In this blog post, I’ll describe my first experience of creating a visualization. Using KeyLines to analyze greenhouse gas emissions in the US, I’ll share insight into two things I’m passionate about: cutting-edge technology and the environment.
From the minute I started with KeyLines, the developer documentation was my friend.
Keen to learn a little more, I also looked through the ‘Basics’ documentation pages aimed at KeyLines newcomers. Now I was ready to find the data I wanted to visualize.
Interested in contributing factors to climate change, I started hunting for connected data on greenhouse gas emissions. (If you don’t already know why too much of them is a bad thing, read more).
The United States Environmental Protection Agency (EPA) run a Greenhouse Gas Reporting Program. The latest report shows that in 2017, over 7,500 facilities across nine industries released 2.91 billion metric tons of carbon dioxide equivalent directly into the atmosphere. That’s roughly half of all US greenhouse gas emissions for the year.
There are lots of connections worth exploring there – which individual facilities emit the highest proportion of what gas? Which US state is responsible for the greatest emissions?
This data is available to download from the EPA. Next I had to work out how to present it.
There’s so much detail in the EPA data. I had to work out what was the most important information to visualize, what to ignore, and how best to represent it on my chart.
Having never modelled data before, I found useful tips on keeping this practical and simple in the Graph data modelling 101 blog post.
I decided on:
KeyLines works with data from any source, so once I’d copied over my .xlsx spreadsheet and KeyLines parsed it into the JSON format it needs, I could load nodes and links into a chart.
There’s so much data! The only instantly-recognizable nodes are those for those representing gas emission types. I had some work to do.
My first challenge was figuring out how to manage data clutter. Even after I’d included a filter to focus on the highest emissions, there were still hundreds of facilities to deal with.
Using combos to group facilities from the same state made things clearer. Glyphs show how many facilities each state contains.
I can open a combo to show the facilities when I want to drill into the detail. Facility nodes are sized depending on their emission levels: the greater the emissions, the larger the node. Using a concentric arrangement inside the combo, notice how larger nodes are centered so they’re easier to spot.

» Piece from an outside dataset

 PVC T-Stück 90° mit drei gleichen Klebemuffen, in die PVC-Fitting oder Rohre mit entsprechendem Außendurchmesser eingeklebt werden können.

I also added tooltips on hover so I can reveal node property information about each facility when I need it, without cluttering the chart with too much information up front.
Looking through the KeyLines SDK demos gave me lots of ideas for styling. The hardest bit is working out which customization options will bring the data to life. It’s easy to make the mistake of cramming in lots of cool styles that don’t help with the end goal.

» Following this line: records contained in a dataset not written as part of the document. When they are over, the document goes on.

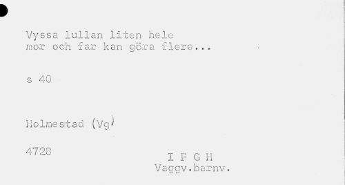 //// 9 //// Vyssa lullan liten hele mor och far kan göra flere... //// s 40 //// Holmestad (Vq^ I //// * //// - //// 4728 ! //// I F G H //// Vaqqv.barnv. ////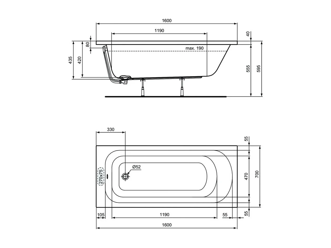 PORCHER Baignoire droite 160x70 Ulysse blanche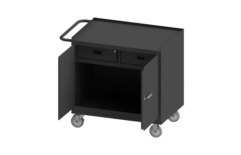 Mobile Bench Cabinet with 5 in. x 1-1/4 in. Polyurethane casters, (2) rigid and (2) swivel, 2 drawers and 2 doors, steel top work surface with tubular push handle, gray.

I wanted my visualization to show at a glance which states are emitting the highest proportions of each greenhouse gas. Color-coded donuts do a good job at making the answer clearer.
The color of each of the highest-emitting states match up with the greenhouse gas node donut segments. The majority ‘blue’ segment represents emissions from all other states combined. In this way, we can see the 6 states with the highest emissions, and which gases they’re responsible for.

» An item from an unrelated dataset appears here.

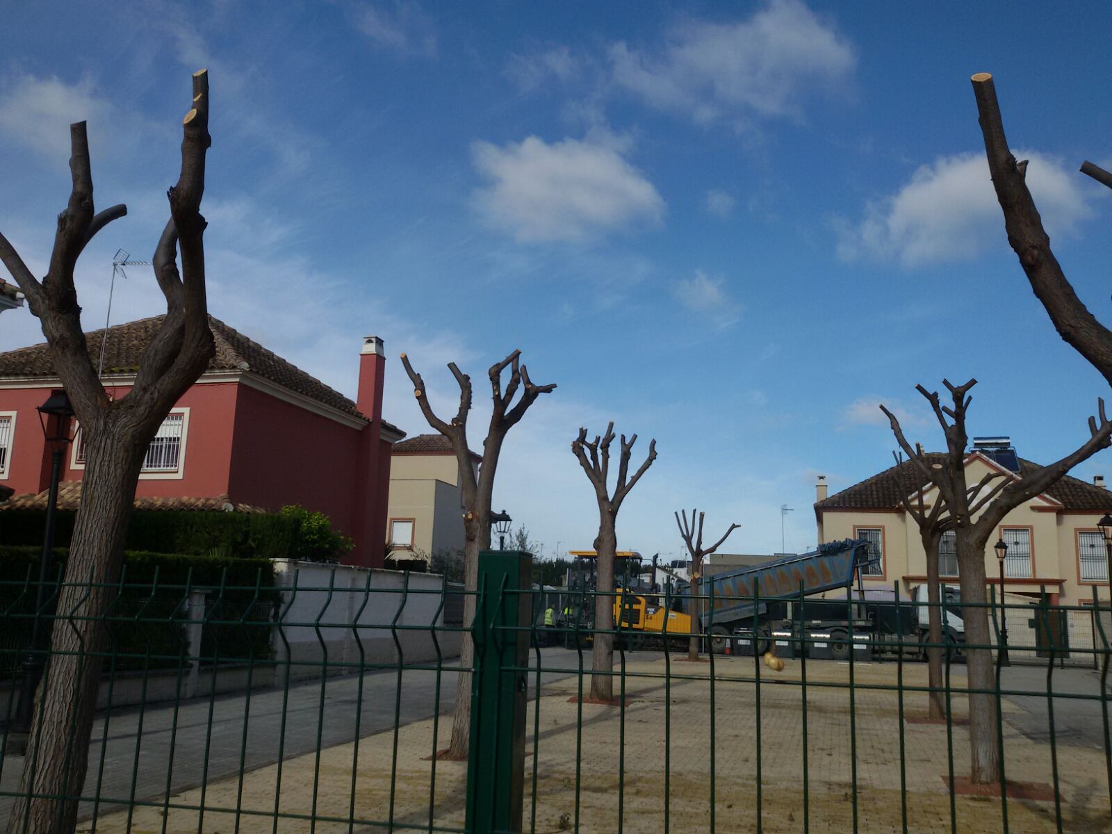 Se ha actuado con labores de poda de árboles y palmeras en la Plaza Rosa de Luxemburgo en Villas de la Herencia, en la Plaza Cristo de la Veracruz y en Camino Sanlúcar.

To focus on the subset of connections I’m interested in, you can see from the image above that if I click on a particular node, the items it’s linked to stand out and everything else is sent to the background.
I also learned that glyphs aren’t just for nodes – they can also alert you to important information about links. The ! glyphs show which states contain a facility that emits more than 16,000,000 metric tons of CO2.
Indiana as a state is a high emitter of CO2 – we know that already, because its color matches a color-coded halo on the CO2 node. But it’s also home to one of the top two highest emitting facilities.
Interestingly, the other facility responsible for the largest total direct CO2 emissions is in Alabama, which isn’t a top emitting state.
Greenhouse gases trap the sun’s heat in the atmosphere and increase the earth’s surface temperature. Without them, our planet wouldn’t be warm enough for habitation by millions of species, including humans.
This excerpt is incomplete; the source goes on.